穂先の刃がブゥゥンと微かな音を立てて、眩い光を纏い始めた。
「ということは、貴様も喋れるんじゃないのか?犬の面汚し」
そしてその輝く切っ先をピタリと敵将に向ける。
一拍の後。
犬面鬼将は、ニタァと笑った。
「……穢レナキ光ノ娘ノ子ラ……穢レタ血ヲ分カツ子ラ……」
確かに人間の言葉で、意味の分からないことを言う。
「……一匹、虫ガ混ジッタヨウダガ……」
そして唸り声のような悍ましい声で笑いだす。
「良く分かった。
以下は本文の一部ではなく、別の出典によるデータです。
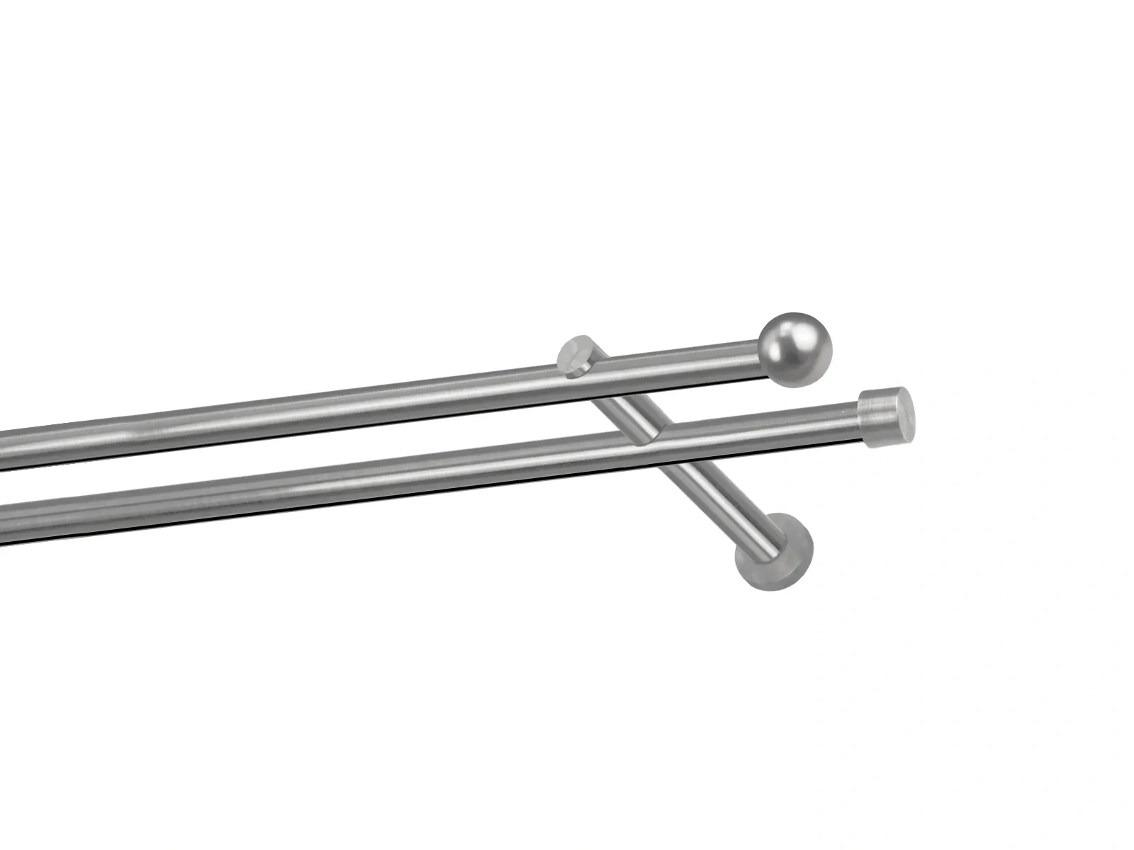 Dvojradová garniža s povrchovou úpravou - odtieň satin-nikel (matné striebro). Celokovové garniže s kvalitnou povrchovou úpravou - galvanické pokovovanie. Galvanické pokovovanie zabezpečuje vyššiu povrchovú tvrdosť, zvýšenú dolnosť voči poškriabaniu, hladký povrch. Dodávané sú v kompletoch.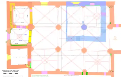 In 1220 it was mentioned as Church of St Mary, for the first time.[4] In 1219, Gerhard II had become archbishop. It is supposed that he changed the dedication and almost at the same time began to rebuild the church as a hall church. The only remainders of the buildings before are the southern tower, the ossuary cellar and parts of the inner side of the northern wall above the ossuary. Therefore, the footplans of the preceding churches are unknown. The ossuary had been built with two accesses (as typical for crypts), but its positions seems not to be typical for a crypt.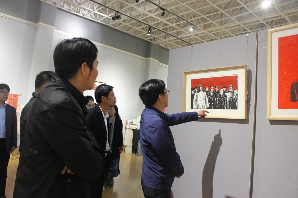 10月29日,信阳市委宣传部副部长许书动一行莅临beat365官网参观了“追寻总书记足迹 弘扬大别山精神”红色作品展。beat365官网党委书记朱四倍,副院长邹东升、张伟全程陪同。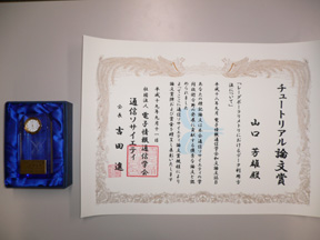 山口先生が電子情報通信学会チュートリアル論文賞を受賞しました.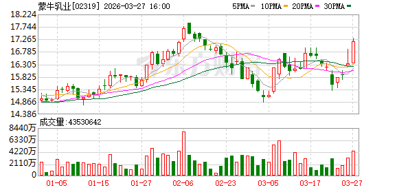 蒙牛乳业的强势表现仍在继续。年报后的第二个交易日即3月27日,公司股价再次拉涨。截至收盘,公司股价大涨5.27%,再一次领涨乳业股。仅用两个交易日,蒙牛乳业市值轻松增加约50亿港元,市值直逼700亿港元。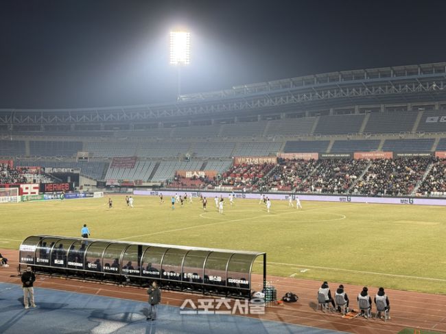 부천과 강원의 경기가 열린 18일 부천종합운동장 모습.부천 | 정다워 기자 “멍멍!” 부천FC1995와 강원FC의 K리그1 4라운드 경기가 열린 18일 부천종합운동장. 오후 7시 30분 킥오프 후 본부석 오른쪽 휠체어 전용석에서 ‘개 짖는 소리’가 지속해서 들려 왔다. 부천이 강원 페널티박스 근처에 접근하면 데시벨이 올라갔다. 평일 저녁 경기로 관중이 많지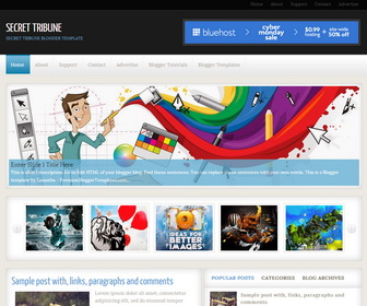 Secret Tribune is 3 Columns Magazine Blogger Template. Secret Tribune Blogger Template has a Featured Post Content Slider, Featured Post Carousel, 2 Top Navigation Menus, Social and Sahre Buttons and 2 Right Sidebars.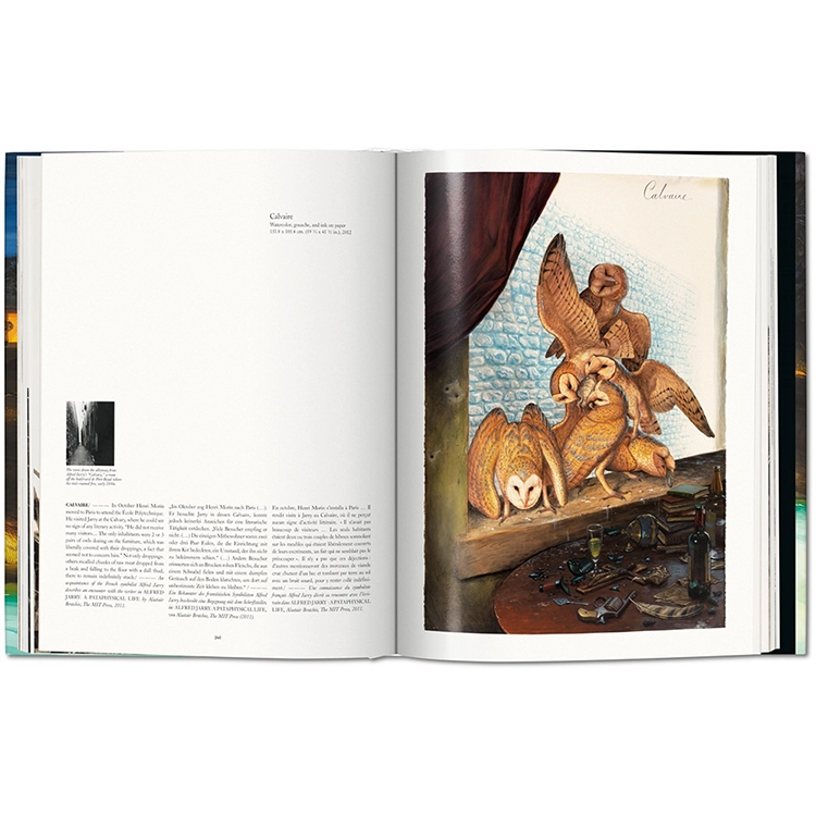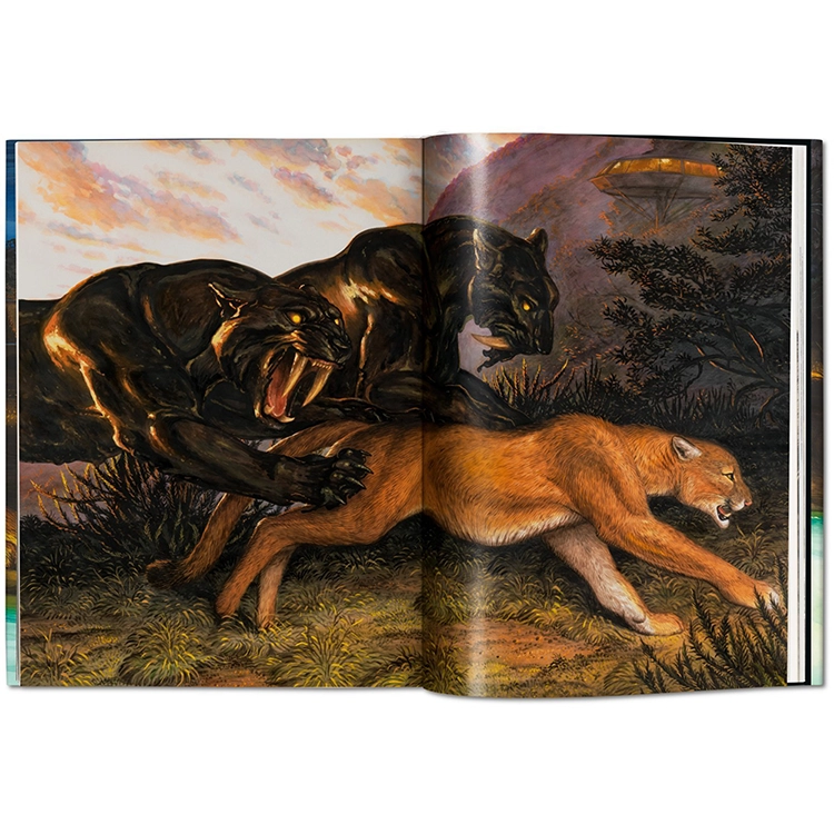 이 놀랍지만 불길한 시각 세계에서, 짐승과 새는 단순한 미적 대상이 아니라 우화적인 투쟁의 역동적인 행위자들이다: 야생 칠면조 한 마리가 발톱에 작은 앵무새를 짓누르고, 원숭이 떼가 공식적인 저녁 식탁을 엉망으로 만들고, 미국 버팔로는 피투성이인 흰 늑대들에게 둘러싸여 있다. 눈부신 수채화 속에서, 그 이미지들은 그들의 복잡한 서사만큼이나 흠잡을 데 없는 사실성에 깊은 인상을 준다.

……人の言葉を話せたところで、イカレた頭ではまともな会話にはならんということがな」
ディートクリフが冷たく言い放つ。
「せめてもの情けだ。さっさと殺してやろう」
最上位種としての余裕だろうか。
それを聞いた敵将は、何故か勝ち誇ったようにほくそ笑む。
「ふん」
長槍を両手で構え、地を這うかのように腰を低く深く落とし、ディートクリフはそして大地を蹴——
ブシュァァアッ——!!!!
今まさにディートクリフが電光石火の突撃を仕掛けようとした次の瞬間。
唐突に犬面鬼将がどす黒い血を噴水のように巻き上げた。
遅れて迸る、稲妻のような赤い閃光。